Sono giovane e mi considero abbastanza social, ma capisco che è tutto cambiato: i ragazzi
cercano attenzioni e approvazione, ma necessitano intento di estremo e silenziosissimo
controllo, hanno bisogno di essere accompagnati da guide esperte e non giudicanti. Da qui
l'urgenza tutta nuova di vedere i social network da una nuova prospettiva, tutta educativa.
Queste cose inutili sono roba seria! Una questione che da giovani insegnanti dovremmo
affrontare in maniera sempre più massiva e consapevole.
È importante che i ragazzi abbiano una concreta e reale competenza digitale, sì, proprio
come quella che gli adulti non hanno. Non si tratta solo di imparare ad accendere e spegnere
un PC o copiare e incollare da Wikipedia un articolo sulla barbabietola da zucchero per poi
spacciarlo al professore come ricerca.
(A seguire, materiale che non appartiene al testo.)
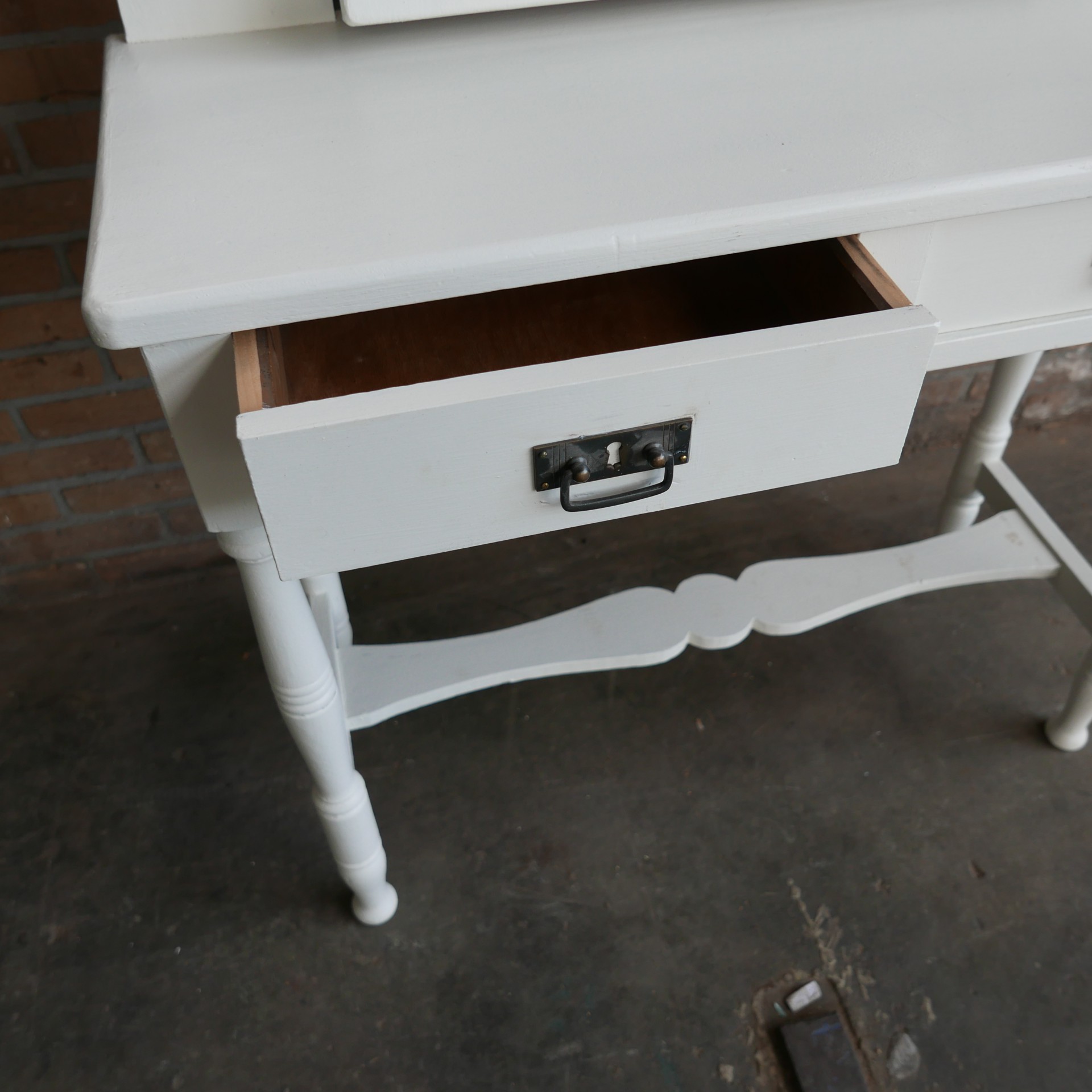 Prachtige houten kaptafel is speciaal gemaakt voor deze mooie spiegel. De kaptafel bestaat uit één stuk, de spiegel kan 360 graden om zijn as draaien. De tafel heeft twee lades onder de spiegel.

Si tratta di avere la piena consapevolezza delle
potenzialità e dei pericoli legati all'uso di una connessione Internet: il diritto a proteggere la
propria privacy, il rischio di essere adescati in chat, il revenge porn, il cyberbullismo.
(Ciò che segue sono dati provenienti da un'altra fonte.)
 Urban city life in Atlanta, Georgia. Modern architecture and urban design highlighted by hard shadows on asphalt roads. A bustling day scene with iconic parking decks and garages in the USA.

Non scandalizziamoci: per capire un problema, bisogna conoscerlo. E per insegnare o meglio
guidare i nostri studenti verso l'acquisizione di una competenza è necessario prima di ogni
cosa verificare i prerequisiti, e quindi osservare, osservare tanto.
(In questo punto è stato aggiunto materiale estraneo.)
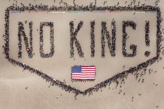 14일(현지 시간) 미국 샌프란시스코 오션비치에서 시민들이 모래사장 위에서 ‘노 킹(No King·왕은 없다)’ 문구를 나타내며, 도널드 트럼프 행정부 반대 시위를 벌이고 있다. 트럼프 대통령의 79번째 생일이기도 한 이날, 미국 2000여 곳에서 시위가 열린 것으로 추산된다. (샌프란시스코=AP 뉴시스) |

Dunque, che male c'è se Serena ha iniziato a seguirmi su Instagram? La seguo anch'io, così la
osservo meglio e capisco tanto di lei, del suo mondo, del tipo di attenzione che vuole attirare.
Internet e i social network sono una realtà ormai imprescindibile che non possiamo più
demonizzare, dobbiamo conviverci, usarli insieme ai nostri ragazzi, scoprirne le diverse
funzionalità. Infine, dovremmo spiegare loro "la differenza, se c'è, tra la vita reale e la vita al
cellulare", come dice il cantautore Brunori SAS in Lamezia Milano.Dovremmo conoscere il linguaggio persuasivo dei social e la struttura del loro fascino così programmato, ma non prima di aver conosciuto i nostri ragazzi, capire ciò che vedono e cosa potrebbero provare nel vederlo. Più che indignarci per la loro condotta e dire che i tempi sono cambiati, spieghiamo come essere pienamente padroni dello strumento digitale, come si può giocare coi social, senza subirli. Spieghiamo che è sempre tutto così artificiale, tutto molto più vuoto di quanto credano, che la vita sarà anche fatta dalle storie Instagram di Serena, ma che quella più bella è fatta di gioie che nascono dagli incontri reali e da piccoli sacrifici quotidiani che ripagano molto di più di un centinaio di visualizzazioni. 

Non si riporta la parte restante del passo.